Глава 16. Канун лета
- На сегодняшний день я со всей ответственностью могу заявить: нам удалось очистить магическую Британию от темных магов. Однако враг еще не побежден! В глубинах континента он копит свои силы, чтобы нанести сокрушительный удар. Он готовит себе почву, засылает агентов, чтобы они развращали, растлевали нашу молодежь. Люди, будьте бдительны! Очищайте свои семьи, круг своих друзей от любой скверны. Помните: ваш лучший друг – министерство магии. Аврорат и полиция нравственности денно и нощно следят за вашим благополучием, охраняют вас от влияния тьмы. Не подводите их!
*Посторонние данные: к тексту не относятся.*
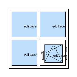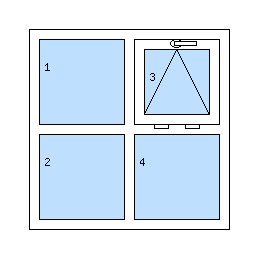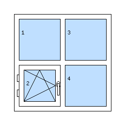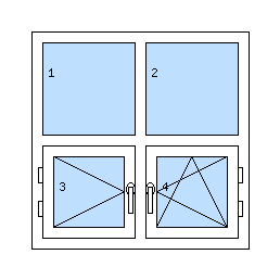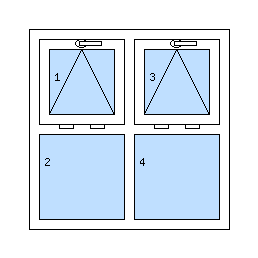 Čtyřkřídlé oknood 6 050 KčDole vlevo pevný (fixní) díl, vpravo otvíravo-sklopné křídlo pravé, nahoře 2x pevný (fixní) díl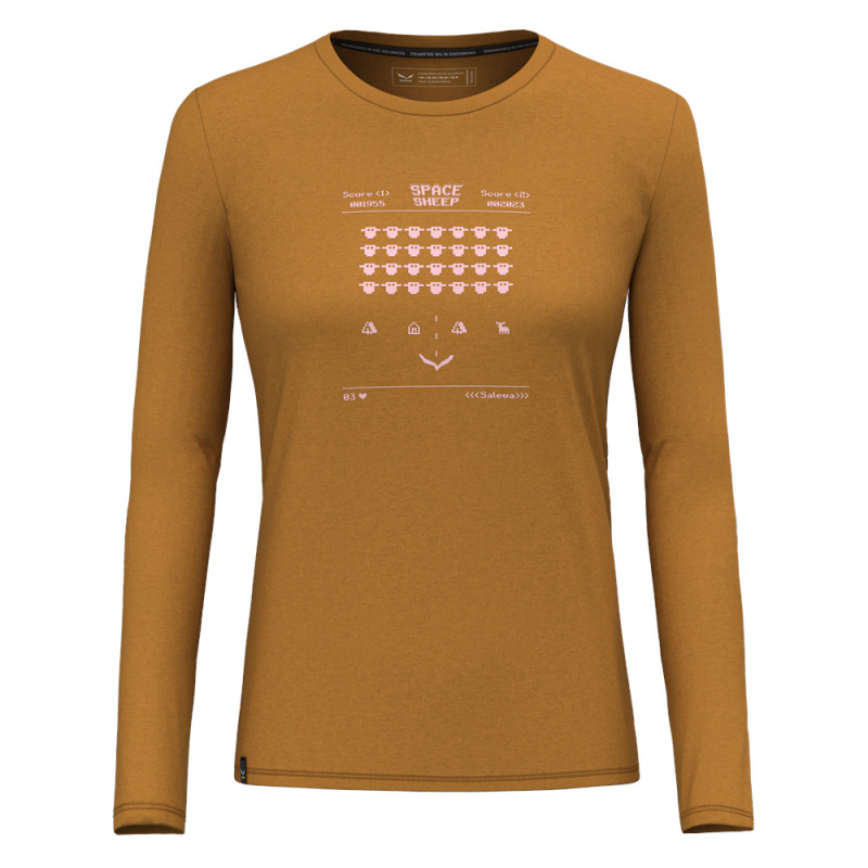 Aber auch im Design punktet das langärmelige T-Shirt: Die Grafik – unsere kleinen „Space Sheeps“ – ist von einem kultigen Arcade-Videospiel inspiriert. Darüber hinaus wird das Longsleeve überwiegend aus natürlichen und erneuerbaren Materialien hergestellt und ist so Teil der Salewa Committed Kollektion, deren Produkte unsere zusätzlichen strengen Umwelt- und Nachhaltigkeitsstandards erfüllen. Das Pure Space Game Merino T-Shirt ist ein bequemer Allround-Baselayer in einer regulären Passform, der sich vor allem durch einen hohen Tragekomfort auszeichnet.

Гарри выключил радио. Надрывные завывания Кейджа уже порядком поднадоели. Гермиона благодарно кивнула, разливая чай. Сейчас Рон из гостиной крикнет что-нибудь… Ничего Рон не крикнет. Нет его больше.
Эх, Рон… Первый друг, лучший друг. Всегда рядом, даже если от страха заикался. Когда они вместе парили на фордике «Англия» или спасались от пауков, когда маялись, не зная, кого пригласить на Святочный бал, можно ли было себе представить по-настоящему, что однажды этого рыжего придурка не будет рядом? И когда в аврорате работали, Гарри ни разу всерьез не боялся, что Рона могут убить. Умом понимал, что всякое случается – но Рон с его вечным оптимизмом, безмерным аппетитом и простым отношением к жизни казался вечным. Доказался. Больно за Гермиону, за племянников, за Джинни, за всех Уизли, и самому как от души кусок топором оттяпали.
Рона нет… Сущая нелепость. Их же всегда было трое.
На похоронах его заставляли держать речь. Отнекивался, потом довели – послал по-маггловски. Речь держал Перси, у него это хорошо получается. Хотя и сам, должно быть, горюет искренне. На стариков Уизли вообще невозможно было смотреть. Миссис Уизли сидела чуть живая – той же ночью с ней случился удар. Тесть съежился, совсем затих. Джинни рыдала на плече у Гермионы. Та держалась сухо, деревянным голосом отдавала распоряжения тем, кто вызвался помочь. Лицо серое, взгляд – внутрь себя, словно её беспрерывно что-то мучило.
Рона положили на кладбище близ Норы. Могила Ксенофилиуса Лавгуда – в двух шагах. Луна, сорвавшаяся из командировки куда-то в Бразилию, отделилась от толпы, отошла поздороваться с надгробием отца. Если бы не она и не Невилл с Ханной, неизвестно, как бы лопнуло в тот вечер сумасшедшее горе. Что уж они такое сделали? А только боль, скопившаяся в сердце, плавно растеклась по венам и смолкла… На короткий срок. Назавтра стало больно вновь.
…Гермиона достала из духовки печенье. Отсыпала горстку в блюдце. Что ж, жизнь почему- то продолжается. Но их же всегда было трое.
- О чем ты думаешь? – спросил вдруг Гарри.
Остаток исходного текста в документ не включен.